In A Hot Real Estate Market People Will Buy Anything

In a hot real estate market people will buy anything. This article is a little dated but it shows that insanity of people who have an urge to buy in a hot real estate market. This article is from azcentral.com, originally in the New York Times, and shows how people in the US where snapping up property in the recently hot, and now slumping, real estate market to the south.

Paul Nelson had never seen Paraiso del Mar, a resort and golf community in La Paz, Mexico, on the Baja Peninsula, before he signed a contract to buy a $200,000 beachfront condominium there. And he didn't even consider flying down to check it out before putting down a deposit."I thought in the very worst case, at $200,000, I'm not going to get hurt that bad," said Nelson, 58, a semiretired songwriter from Nashville. "I don't lose any sleep."Nelson is one of a growing number of people who are bidding on investment properties and second homes before seeing what they are buying. Though the National Association of Mortgage Brokers and the National Association of Realtors have no data on purchases made sight unseen, officials at both groups say they are hearing more anecdotal reports of these sales than ever.

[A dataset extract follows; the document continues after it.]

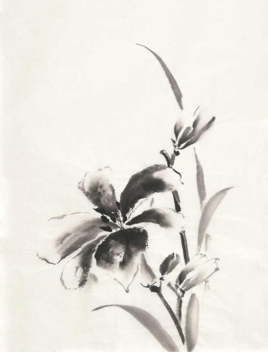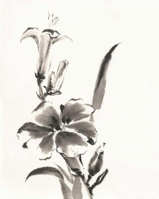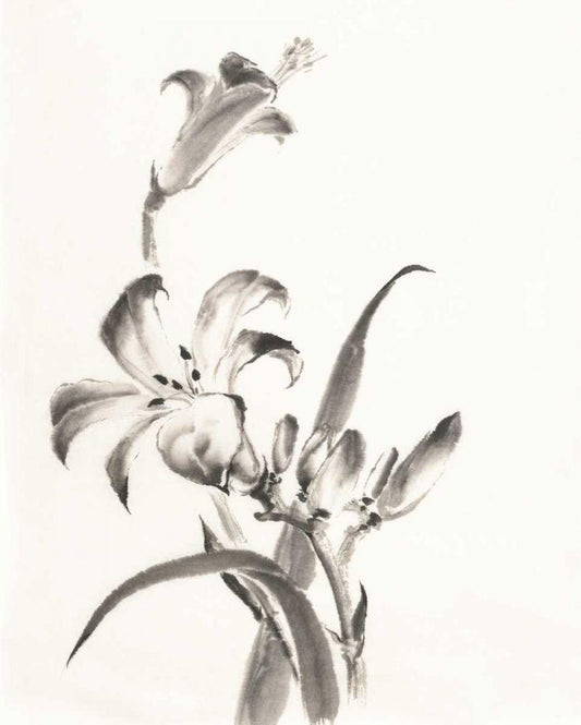 Sumi Daylily II White Modern Wood Framed Art Print with Double Matting by Paschke, Chris

"Nine years ago you would never have heard of this," said Jim Nabors, president of the National Association of Mortgage Brokers. "We have no empirical data, but you go to a conference and you hear people talking about this more and more. I'd say the numbers have probably increased dramatically."Of course, with more information available on the Web, "sight unseen is kind of a misnomer," said Gary Garland, owner of Crested Butte Real Estate in Colorado. "It's not like we're sending buyers Polaroids like we used to.""Virtual tours" of vacation properties displayed over the Internet help people like Nelson, who also bought an $800,000 investment home sight unseen in Fort Lauderdale, Fla., a few years ago, size up their purchases. Buyers can be in for surprises when they finally see their properties. Ellen Ashley, 55, a real estate agent from Portola Valley, Calif., signed a contract on a $650,000, 2,500-square-foot home on Vashon Island, near Seattle, that looked great on the Internet. Only when she visited it for the inspection did she find out about the noise from a nearby road. She was able to get out of the purchase.